Although Plaintiff may not wish to pursue any federal claims, federal claims do appear on the face of his complaint. Plaintiff's complaint states that Defendant Wells Fargo Bank, NA "engaged in unlawful, intended deceptive and abusive acts" and that he was subjected to "unfair debt collections and false statements[.]" Doc. 1-1 at 29. Plaintiff cites "the Fair Debt Collection Practices and Reporting Acts" in support of this claim. Id. Plaintiff makes similar allegations against Defendant Chex Systems, stating that it pursued "malicious debt collection practices involving... [a] false amount owed, " and again cites the FDCPA and FCRA as support for this claim. Id. at 30. Plaintiff again cites the FCRA in support of his allegation that Chex Systems failed "to provide to the plaintiff all reported information." Id. at 31. Finally, the very first sentence of Plaintiff's complaint states that he is bringing his complaint pursuant to "the Discovery Rule under the FCRA, 15 U.S.C. 1681p[.]" Id. at 26. Because federal claims appear on the face of the complaint, removal was proper and the Court has jurisdiction for the reasons set forth in the Court's May 21, 2014 order. See Doc. 28.
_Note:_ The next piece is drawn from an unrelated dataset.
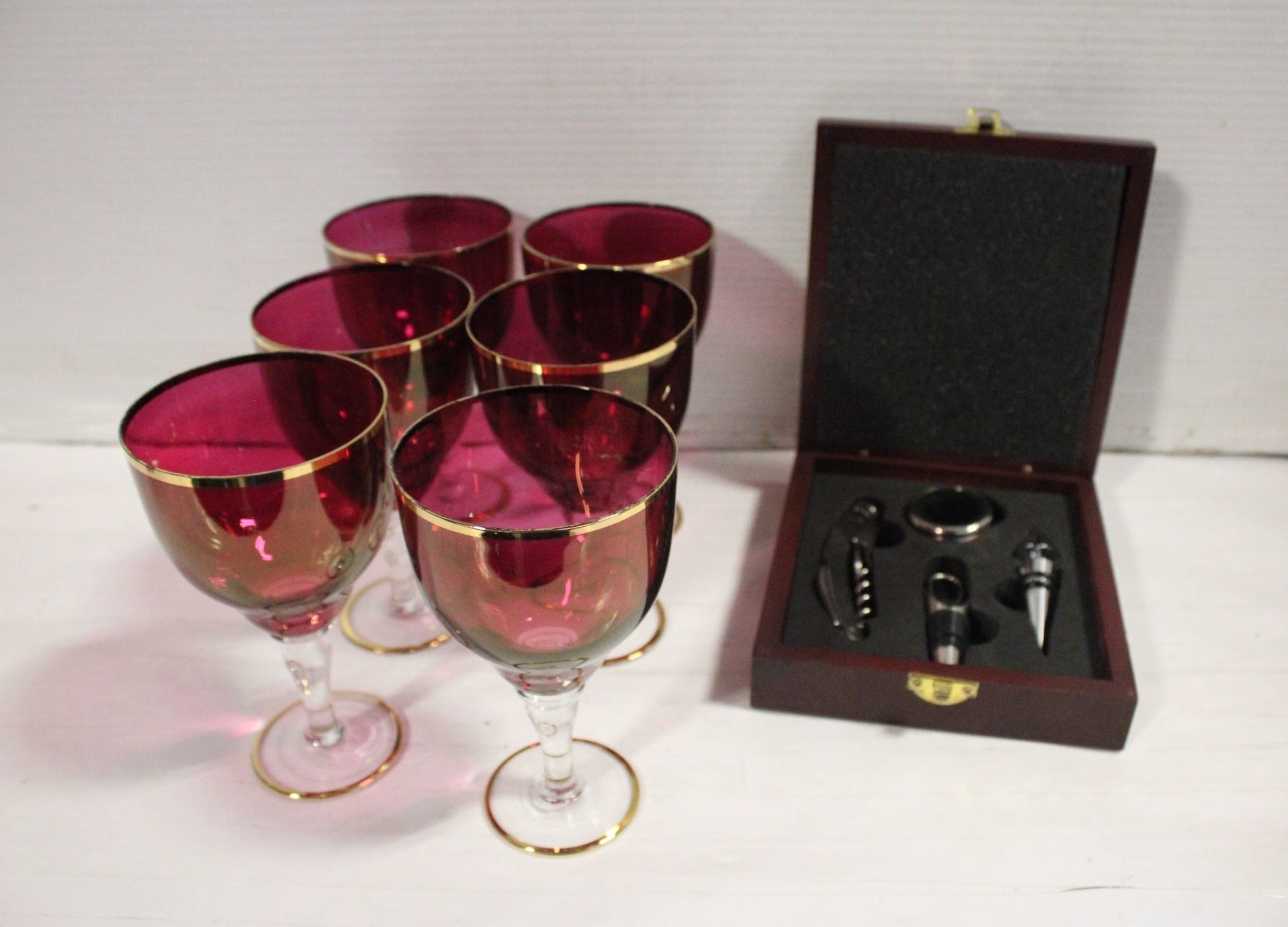 VINTAGE GOLD RIMMED WINE GLASSES W/CORKING SET

The Court explained the May 21, 2014 order to Plaintiff during the case management conference held on the same day. Doc. 29. Plaintiff indicated that he understood the order and that he was able to file a response to the motions to dismiss filed by Wells Fargo (Doc. 11) and Chex Systems (Doc. 12) within 14 days. Plaintiff's motion does not provide a basis for extending this deadline.

IT IS ORDERED that Plaintiff's motion to vacate and motion to stay (Doc. 31) is denied. Plaintiff must file a response to pending motions to dismiss (Docs. 11, 12) by June 4, 2014.